About this task: Reproduce only this stretch of the listing below: from the line with "The Tiger Urban" through the line with "这么多年,帮助海量原创音乐人", exactly as written, with pictures excluded.

Provided entries:
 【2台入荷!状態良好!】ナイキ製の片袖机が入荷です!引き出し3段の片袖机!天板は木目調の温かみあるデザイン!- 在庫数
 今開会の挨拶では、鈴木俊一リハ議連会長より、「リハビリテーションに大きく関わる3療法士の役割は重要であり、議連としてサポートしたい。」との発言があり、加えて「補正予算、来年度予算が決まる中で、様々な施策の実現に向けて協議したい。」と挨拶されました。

...

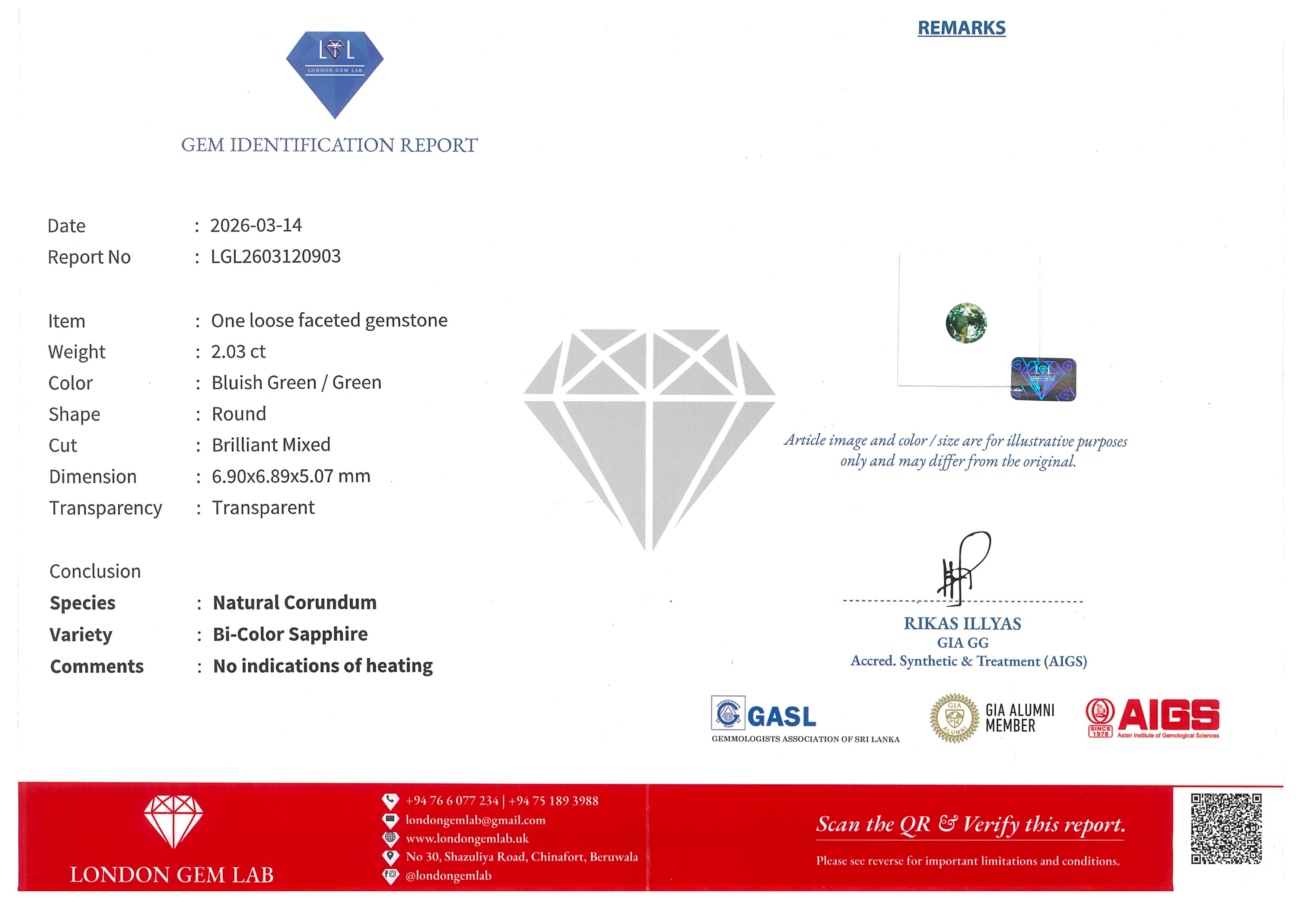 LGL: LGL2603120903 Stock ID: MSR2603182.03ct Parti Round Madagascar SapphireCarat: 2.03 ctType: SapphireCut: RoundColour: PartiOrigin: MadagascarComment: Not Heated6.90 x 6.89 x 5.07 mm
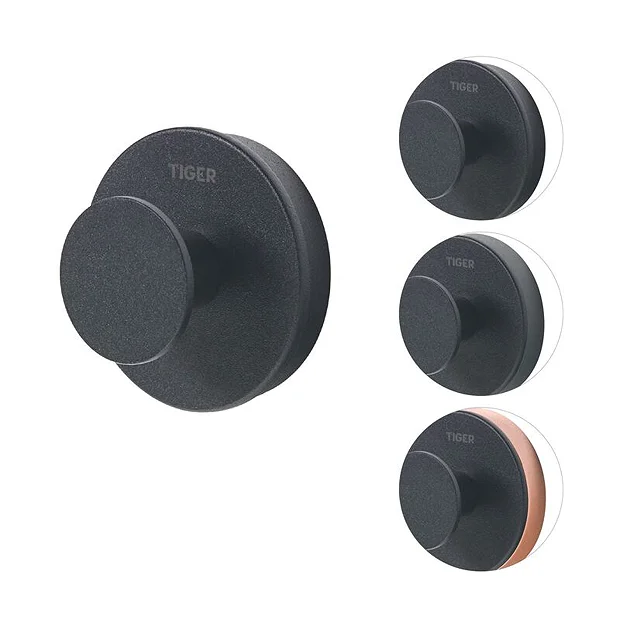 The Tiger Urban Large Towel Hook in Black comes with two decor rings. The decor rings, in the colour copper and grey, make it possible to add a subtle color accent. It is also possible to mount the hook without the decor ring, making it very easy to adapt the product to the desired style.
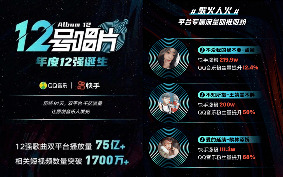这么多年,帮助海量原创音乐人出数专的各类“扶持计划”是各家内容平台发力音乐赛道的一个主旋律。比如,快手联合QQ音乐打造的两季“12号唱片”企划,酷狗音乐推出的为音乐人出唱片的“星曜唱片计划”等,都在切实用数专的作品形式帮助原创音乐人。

Answer space:
 The Tiger Urban Large Towel Hook in Black comes with two decor rings. The decor rings, in the colour copper and grey, make it possible to add a subtle color accent. It is also possible to mount the hook without the decor ring, making it very easy to adapt the product to the desired style.
这么多年,帮助海量原创音乐人出数专的各类“扶持计划”是各家内容平台发力音乐赛道的一个主旋律。比如,快手联合QQ音乐打造的两季“12号唱片”企划,酷狗音乐推出的为音乐人出唱片的“星曜唱片计划”等,都在切实用数专的作品形式帮助原创音乐人。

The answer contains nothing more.